Visual Generative AI: bias and taste
It is easy to see how most images of “CEO” result in males, while “nurses” are represented by women, reflecting and reinforcing the imbalances in society. “Native Americans” are mostly represented with headdresses, a stereotypical view which doesn’t reflect real life customs.
The models used in the research — Stability’s Stable DIffusion and OpenAI’s Dall-E — are trained on millions of images matched with textual descriptions, downloaded from the web. The relations between these texts and the pictures are apprehended statistically by the models. Besides the issues of privacy and authorship — few of these images have an explicit license allowing them to be used for these means — the brute usage of the materials imply that the outcomes will always reflect the existing problems in society.
If most pictures of CEOs on the Internet are of men, so will be the generated images. Large language models such as ChatGPT suffer the same fate, and that is why OpenAI adds many constraints to its usage, like the refusal to reply to some questions. Image models, however, usually don’t have these safeguards, in particular if they’re published as open source.
A lesser known prejudice in such models has to do with aesthetics and subjectivity. For people who are not WEIRD — white, educated, industrial, rich, democratic — all the images generated by AI have the same dull look. This is not to dismiss the amazing capabilities of generative engines. Technology has come a long way since the early surrealistic-looking GAN networks.
But there are many elements in the training techniques of diffusion models that lead to biases in taste. First, there is the fact that again, other visual cultures are sub represented in the image sets scraped from the Internet. Users in developed countries are much more prone to publish content than counterparts in the global south.
But perhaps even more importantly, guidance of the subjective quality in the sets (and in the networks trained from them) is done practically only by people from WEIRD groups.
One way that this happens is that the raw scraped collections are not appropriate for training as they contain too many garbage pictures — out of focus, poorly lit, incomplete parts of logos… However, manually filtering five billion images for quality would be impossible.
Therefore specialized networks are trained for these tasks. And the data used to train these curating algorithms comes from voting systems. Users are shown a variety of pictures and asked to rate them on a scale of, say, 1 to 10. Once the predictor is trained, it is used to do a selection of the original set. In the case of Laion-5B (for five billion), the set originally used by Stable Diffusion, this yielded the Laion-Asthetics set, with “only” 600 millions images.

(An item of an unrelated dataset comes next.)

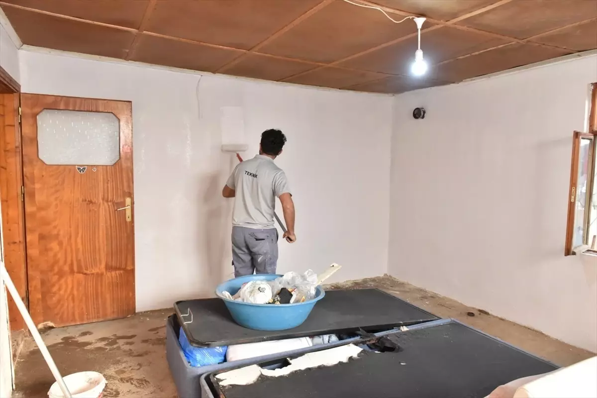 Antalya’nın Kepez ilçesinde yangın nedeniyle hasar gören ev, Kepez Belediyesince onarıldı.

But who were these voters? Whose subjective taste got imprinted in the training set? In the case of Laion, there were votes from early generative image geeks gathered in discord groups, the participants of a digital photography competition and even a group of German high school students — all people who carry very specific kinds of visual education.
Finally, voting systems are also used during the training period of the models, to guide the generation of “good looking” pictures — and again, with votes coming majoritarily from a small, non-diverse, community of people.
Generative AI has just begun
As with any incipient media, it causes a variety of disruptions and has many edges to be trimmed. Since it is not considered a high-risk activity, it may even fall through the gaps of legislation and not be subject to mandatory safeguards. But for all of us practitioners of creative computing, it is fundamental to be aware of its problems and actively mitigate its biases.
Just like affirmative action is an effort to address imbalances of representation in education and governance, an active stance must be taken in order not to let the unfairness of society be carried onto the outputs of generative AI, which might become very influential in a not so distant future.